As an example, here's a passage (altered slightly) from a book that I will never buy:
We were in the kitchen trying to find a new way to cook rutabagas when Janie burst through the ceiling. We spent a lot of time doing that --
Bursting through ceilings?
-- working together in the kitchen of the ski lodge; in groups, laughing and sharing tea, or alone, staring at pots that never boiled, trying to find a purpose in life, trying to find the garlic butter. I was usually alone. I had been an only child, and my early years were bitter. I always thought that my parents blamed me for their inability to have any other children, and so, instead of enjoying my childhood, instead of playing with doll parts and setting fire to cockroaches, I spent those years feeling a terrible sense of guilt as my parents longed for a larger family. It's a cliche, I know, and pointless in the context of my tale, but I'm being paid by the word, and readers tend to skim a lot these days.

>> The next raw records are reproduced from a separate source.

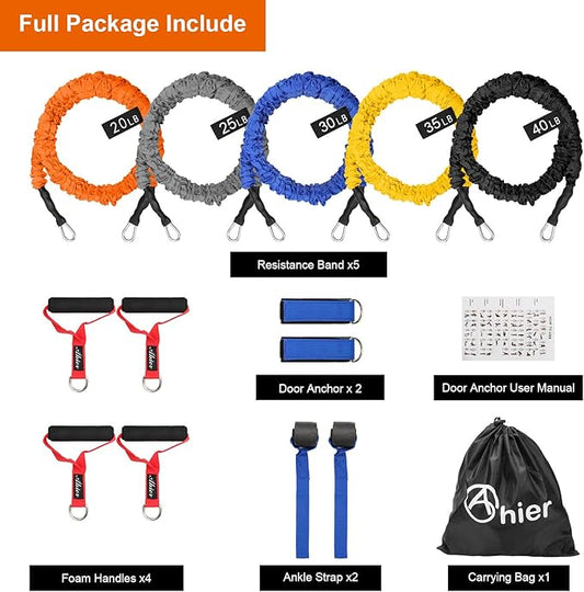 AHIER 14PCS Resistance Bands Set, Exercise Bands for Men & Women, 20lbs to 40lbs Workout Bands, Elastic Resistance Bands with Door Anchor, and Ankle Straps for Training, Yoga
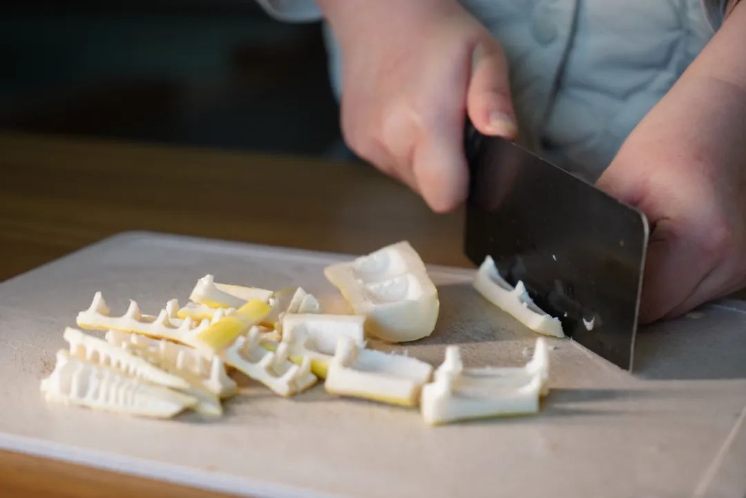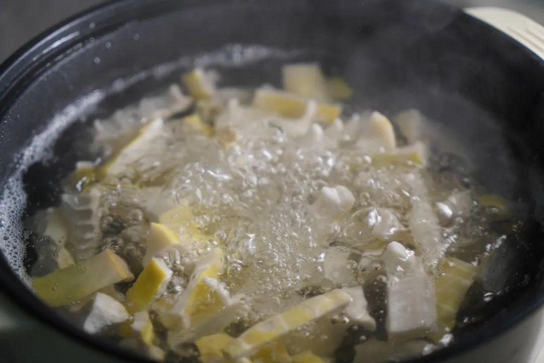 竹笋剥壳切丁,滚水焯去涩味,保持春天山林中的清新。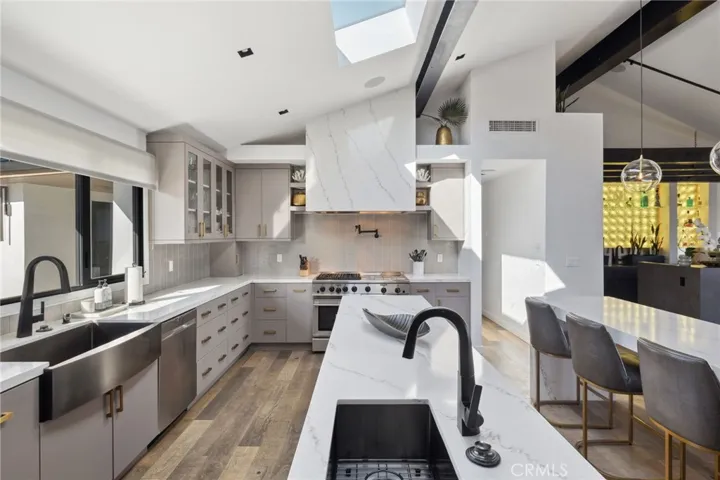 Inside, exquisite finishes and impeccable craftsmanship define the home—from soaring ceilings and wide-plank hardwood floors to and designer lighting. The expansive living spaces are flooded with natural light and open effortlessly to outdoor terraces, creating a seamless indoor-outdoor lifestyle. The gourmet kitchen is a chef’s dream, outfitted with high-end appliances, custom cabinetry, and a large center island perfect for entertaining.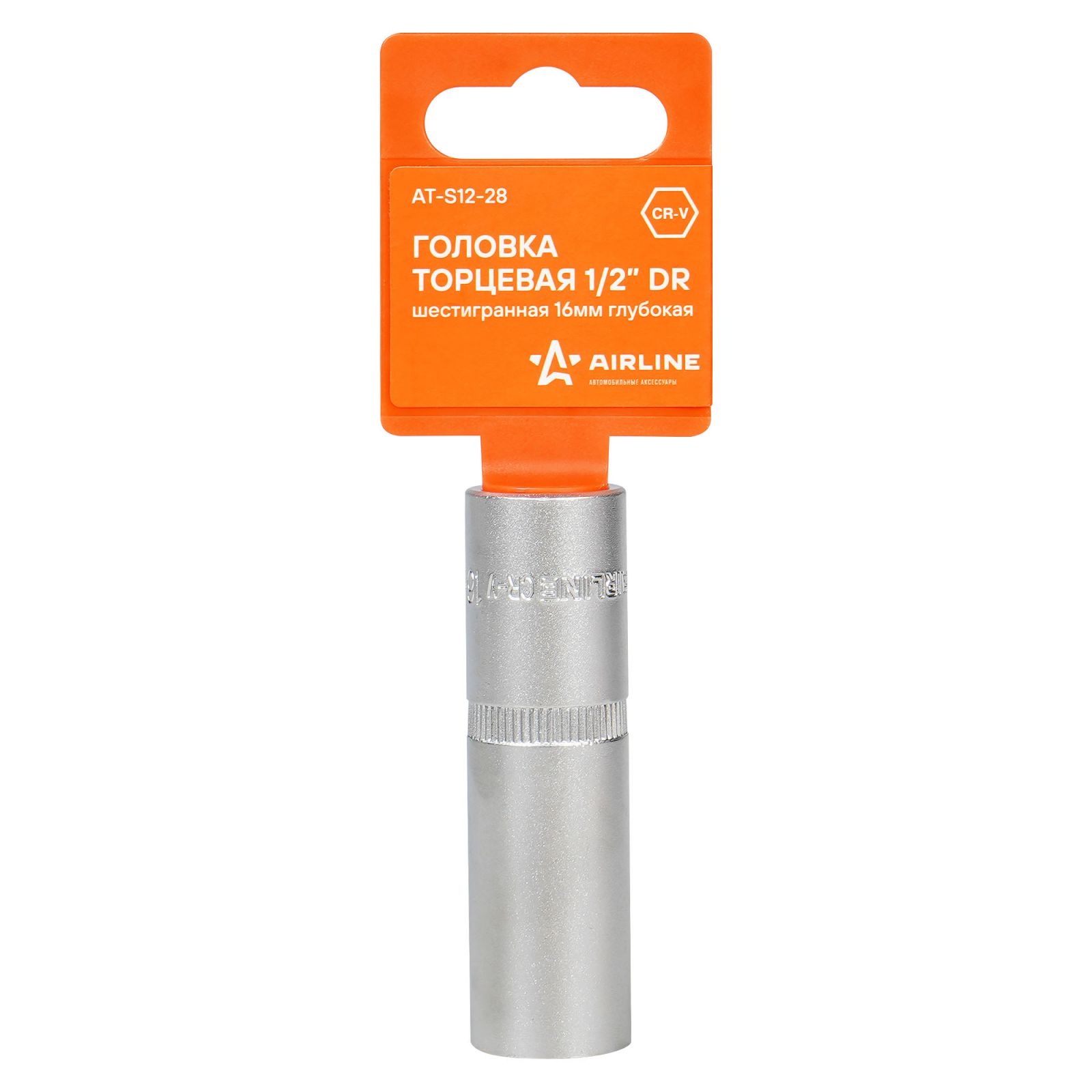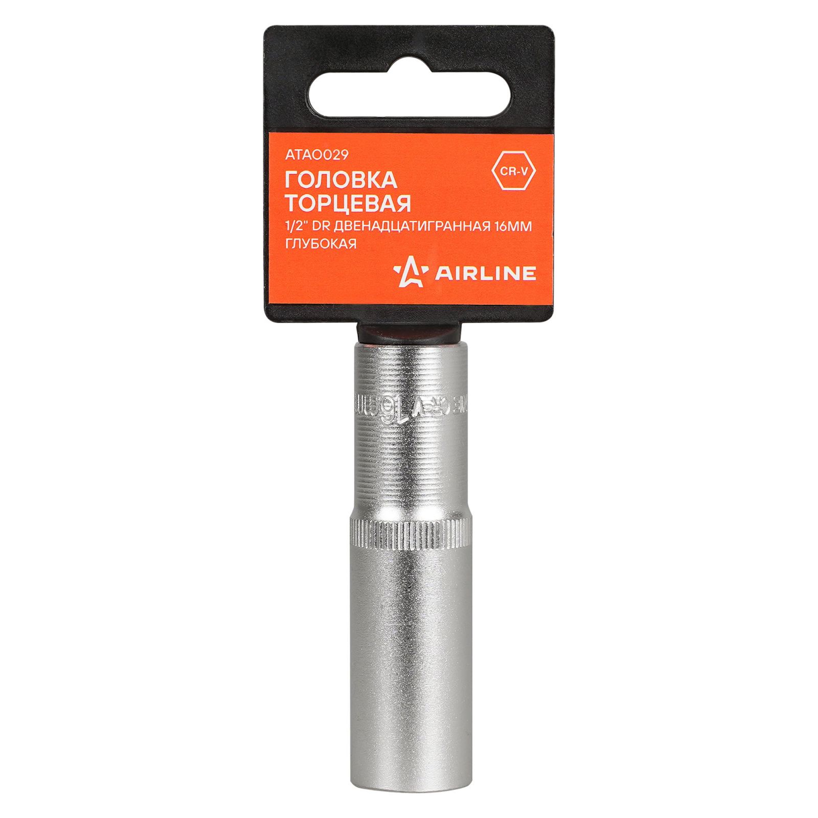 Головка торцевая 1/2" двенадцатигранная 16мм глубокая, пласт. подвес (ATAO029)
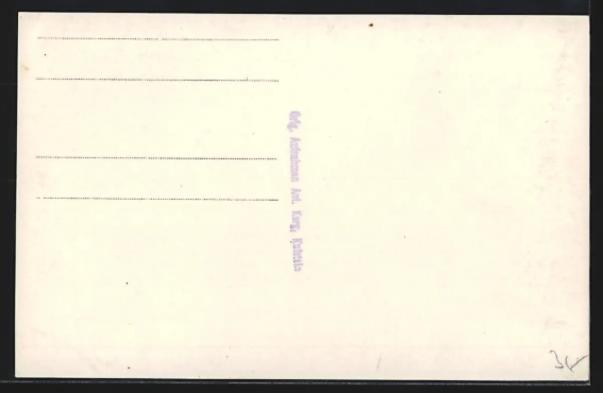 Personenbezogene Daten auf der Rückseite der Karte wurden durch blauen Textmarker unkenntlich gemacht. Die blauen Stellen sind auf die Vorderseite durchgeweicht und wirken sich negativ auf das Postkartenfoto aus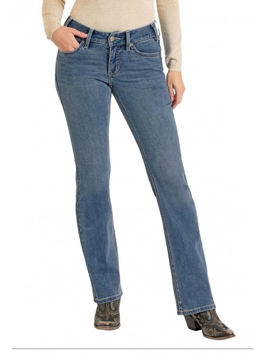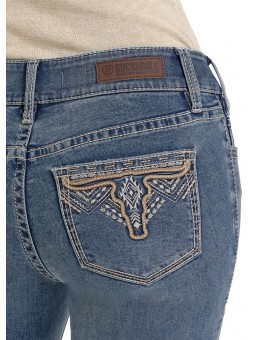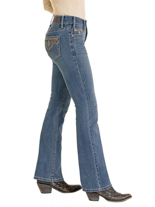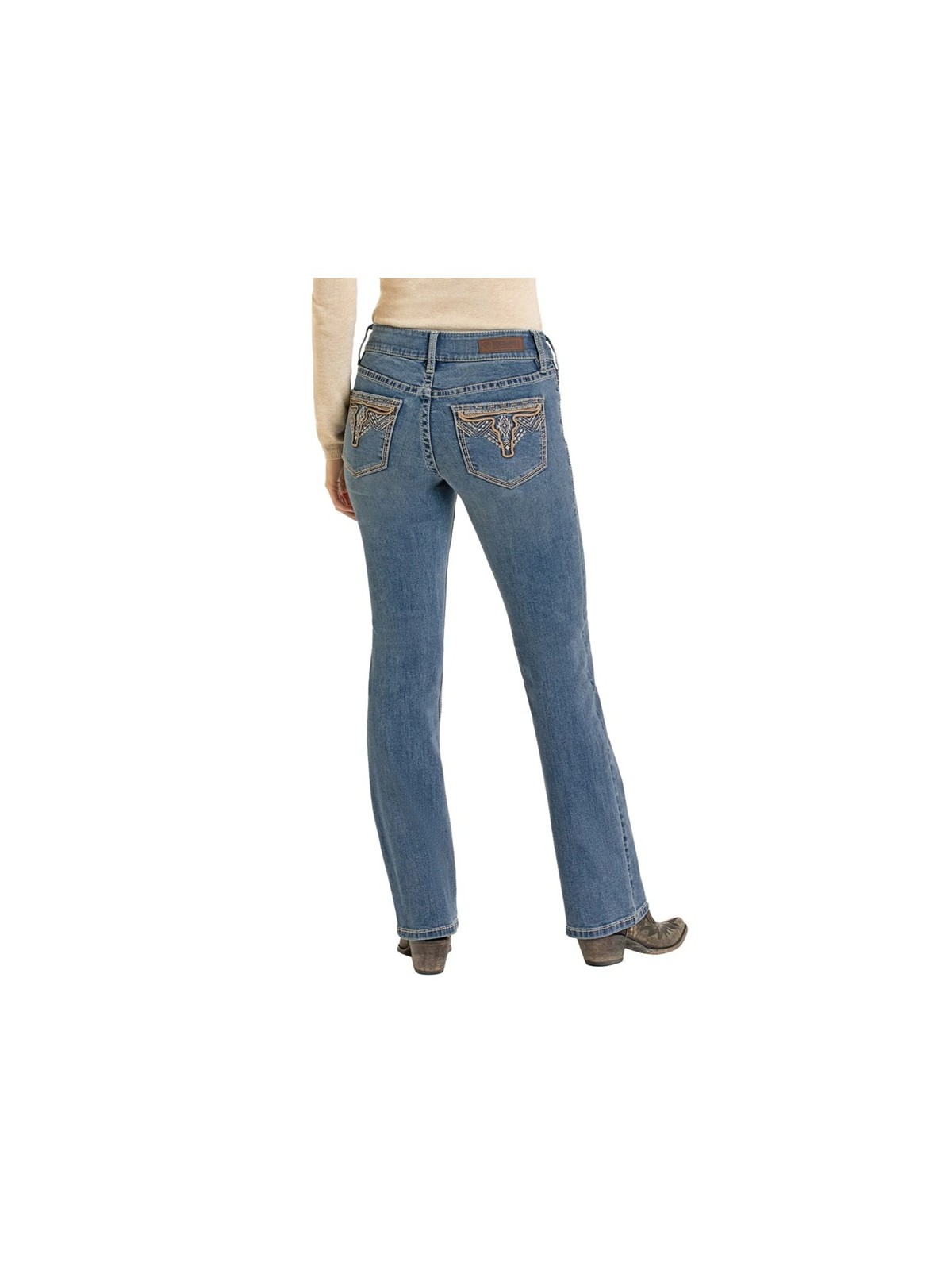 These medium wash Mid Rise Steer Head Embroidered Bootcut Jeans are a classic wardrobe essential. The regular fit offers comfort, while the 92.5% cotton, 6% polyester, and 1.5% spandex blend ensures extra stretch for a perfect fit. Featuring a zip fly closure, these jeans are designed for both style and practicality.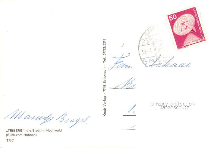 73048873 alte Postkarte Triberg Schwarzwald Fliegeraufnahme postalisch gelaufen Erhaltung siehe scans [KathaD81] KatCode: 11110008326060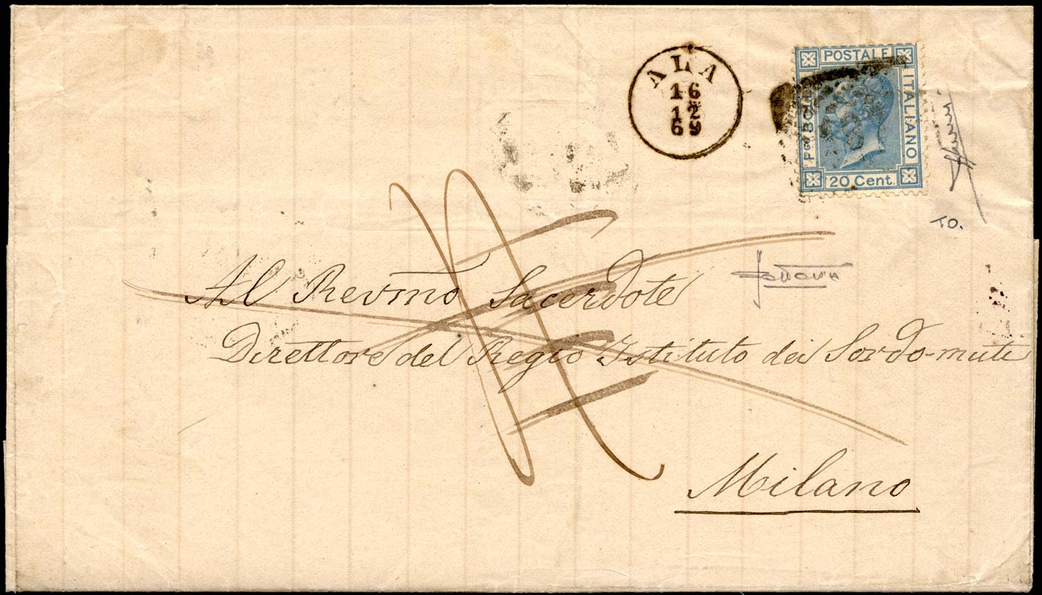 1869 - 20 cent. azzurro, tiratura di Torino (T26), difetti, su lettera da Ala 16/12/1869 a Milano, annullato in arrivo, tassata e ... Leggi tutto

Who can blame them? I certainly can't. Even when I read my own stories, I skim a lot. It saves time and it keeps me sane.
Janie fell to the floor and lay there in a heap.
Back in the 20th Century (that age of dinosaurs), most writers would have maintained narrative tension by focusing on what happens when someone bursts through a ceiling. What's more, to keep the story in motion, they would have provided these childhood background details in passing.
But steady pacing and economy seem out of fashion, these days.